**YOUR TASK**
Please restate the records below verbatim, omitting every image they hold.

Entries taken from a collection
[Start of section]

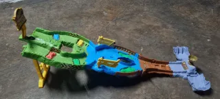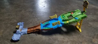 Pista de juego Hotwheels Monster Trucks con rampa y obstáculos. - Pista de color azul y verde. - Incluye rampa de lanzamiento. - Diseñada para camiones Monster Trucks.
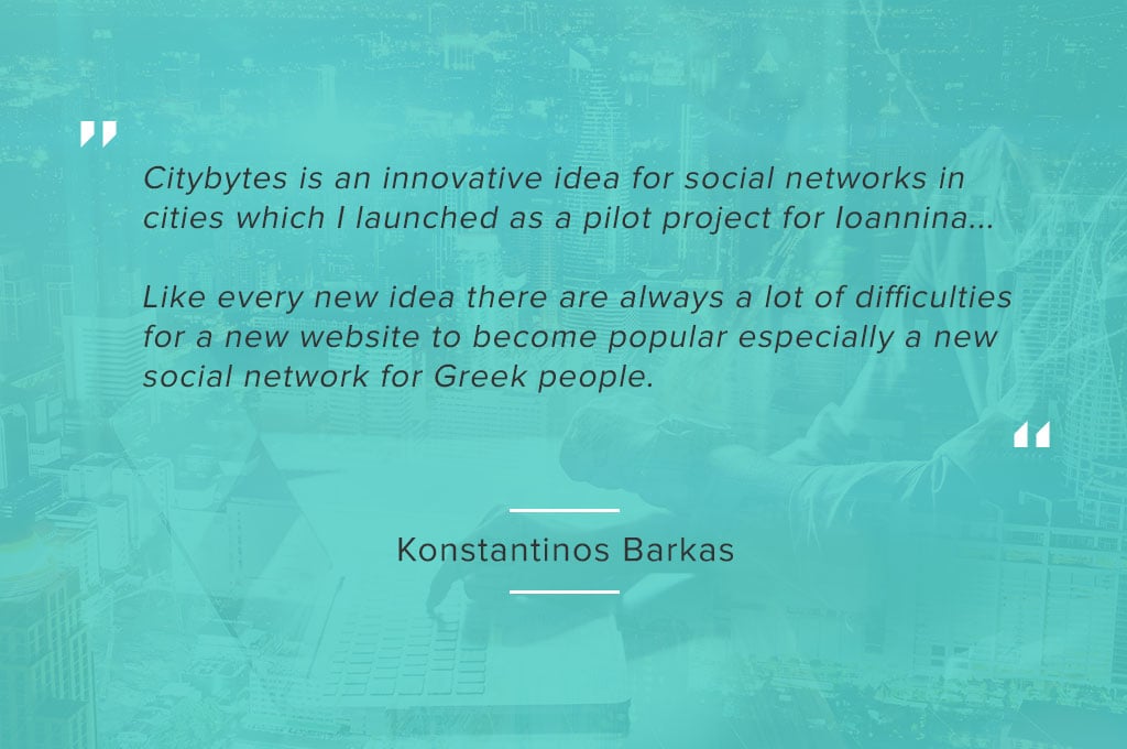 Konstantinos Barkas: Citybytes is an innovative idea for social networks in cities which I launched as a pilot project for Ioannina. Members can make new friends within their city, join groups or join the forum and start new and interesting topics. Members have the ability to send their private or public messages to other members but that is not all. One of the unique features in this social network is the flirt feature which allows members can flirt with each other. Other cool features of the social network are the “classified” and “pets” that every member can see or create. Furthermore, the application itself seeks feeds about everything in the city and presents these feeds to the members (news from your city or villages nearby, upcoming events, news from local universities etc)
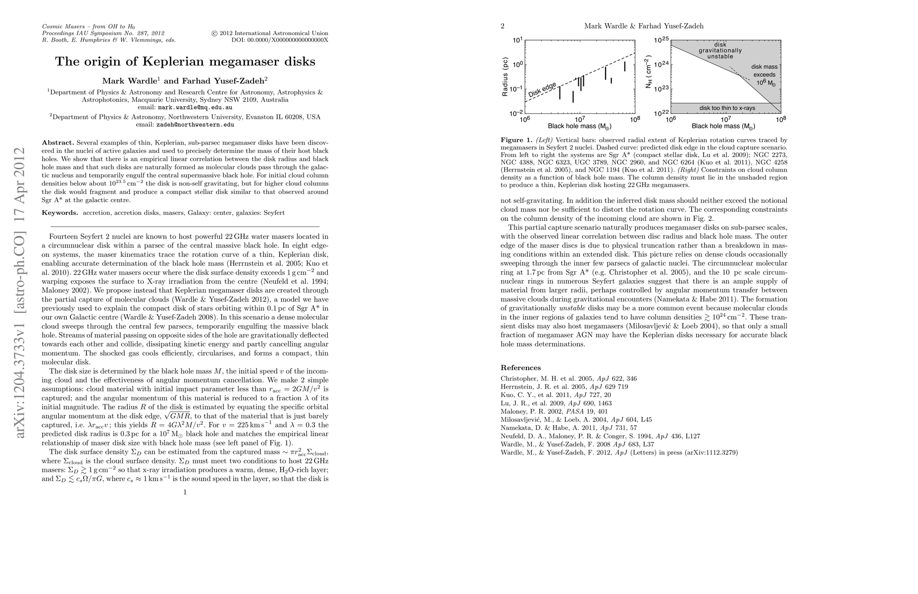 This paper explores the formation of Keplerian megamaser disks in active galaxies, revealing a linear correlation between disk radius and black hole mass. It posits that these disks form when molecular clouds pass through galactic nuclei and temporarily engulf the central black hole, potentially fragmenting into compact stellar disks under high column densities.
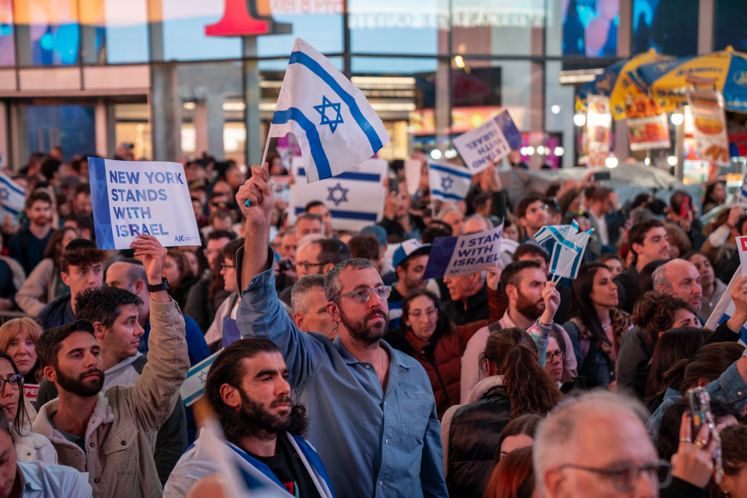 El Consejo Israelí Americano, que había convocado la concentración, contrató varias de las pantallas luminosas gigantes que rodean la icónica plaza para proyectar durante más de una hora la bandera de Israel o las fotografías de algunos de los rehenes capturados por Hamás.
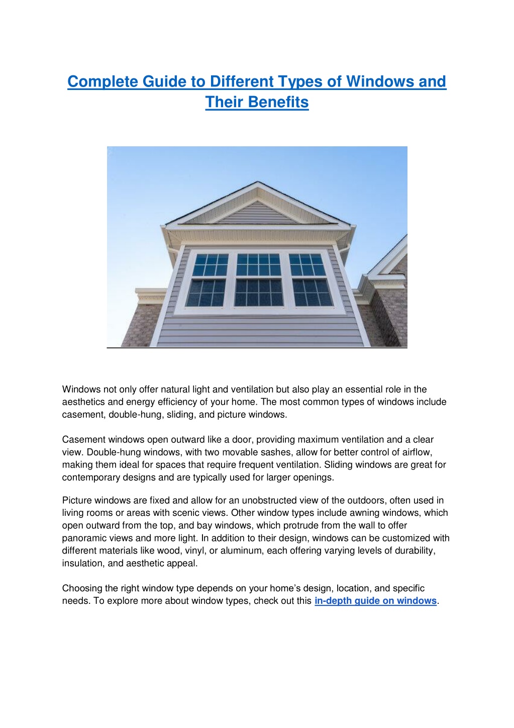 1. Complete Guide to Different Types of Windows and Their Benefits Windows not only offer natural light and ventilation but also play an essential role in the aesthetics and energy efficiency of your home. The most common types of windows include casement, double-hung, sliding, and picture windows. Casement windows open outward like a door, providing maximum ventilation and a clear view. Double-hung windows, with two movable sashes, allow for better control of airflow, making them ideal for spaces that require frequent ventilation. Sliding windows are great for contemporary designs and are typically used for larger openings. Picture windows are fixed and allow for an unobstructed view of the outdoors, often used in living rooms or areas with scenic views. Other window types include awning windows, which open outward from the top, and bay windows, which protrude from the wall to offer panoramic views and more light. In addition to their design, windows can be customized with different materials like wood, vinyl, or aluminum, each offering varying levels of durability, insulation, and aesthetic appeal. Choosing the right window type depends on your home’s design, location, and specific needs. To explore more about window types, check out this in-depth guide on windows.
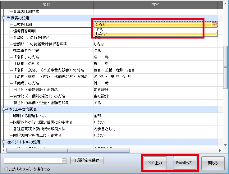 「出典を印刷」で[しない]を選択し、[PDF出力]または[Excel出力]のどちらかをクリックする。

[End of section]

**YOUR RESPONSE**
 Pista de juego Hotwheels Monster Trucks con rampa y obstáculos. - Pista de color azul y verde. - Incluye rampa de lanzamiento. - Diseñada para camiones Monster Trucks.
 Konstantinos Barkas: Citybytes is an innovative idea for social networks in cities which I launched as a pilot project for Ioannina. Members can make new friends within their city, join groups or join the forum and start new and interesting topics. Members have the ability to send their private or public messages to other members but that is not all. One of the unique features in this social network is the flirt feature which allows members can flirt with each other. Other cool features of the social network are the “classified” and “pets” that every member can see or create. Furthermore, the application itself seeks feeds about everything in the city and presents these feeds to the members (news from your city or villages nearby, upcoming events, news from local universities etc)
 This paper explores the formation of Keplerian megamaser disks in active galaxies, revealing a linear correlation between disk radius and black hole mass. It posits that these disks form when molecular clouds pass through galactic nuclei and temporarily engulf the central black hole, potentially fragmenting into compact stellar disks under high column densities.
 El Consejo Israelí Americano, que había convocado la concentración, contrató varias de las pantallas luminosas gigantes que rodean la icónica plaza para proyectar durante más de una hora la bandera de Israel o las fotografías de algunos de los rehenes capturados por Hamás.
 1. Complete Guide to Different Types of Windows and Their Benefits Windows not only offer natural light and ventilation but also play an essential role in the aesthetics and energy efficiency of your home. The most common types of windows include casement, double-hung, sliding, and picture windows. Casement windows open outward like a door, providing maximum ventilation and a clear view. Double-hung windows, with two movable sashes, allow for better control of airflow, making them ideal for spaces that require frequent ventilation. Sliding windows are great for contemporary designs and are typically used for larger openings. Picture windows are fixed and allow for an unobstructed view of the outdoors, often used in living rooms or areas with scenic views. Other window types include awning windows, which open outward from the top, and bay windows, which protrude from the wall to offer panoramic views and more light. In addition to their design, windows can be customized with different materials like wood, vinyl, or aluminum, each offering varying levels of durability, insulation, and aesthetic appeal. Choosing the right window type depends on your home’s design, location, and specific needs. To explore more about window types, check out this in-depth guide on windows.
 「出典を印刷」で[しない]を選択し、[PDF出力]または[Excel出力]のどちらかをクリックする。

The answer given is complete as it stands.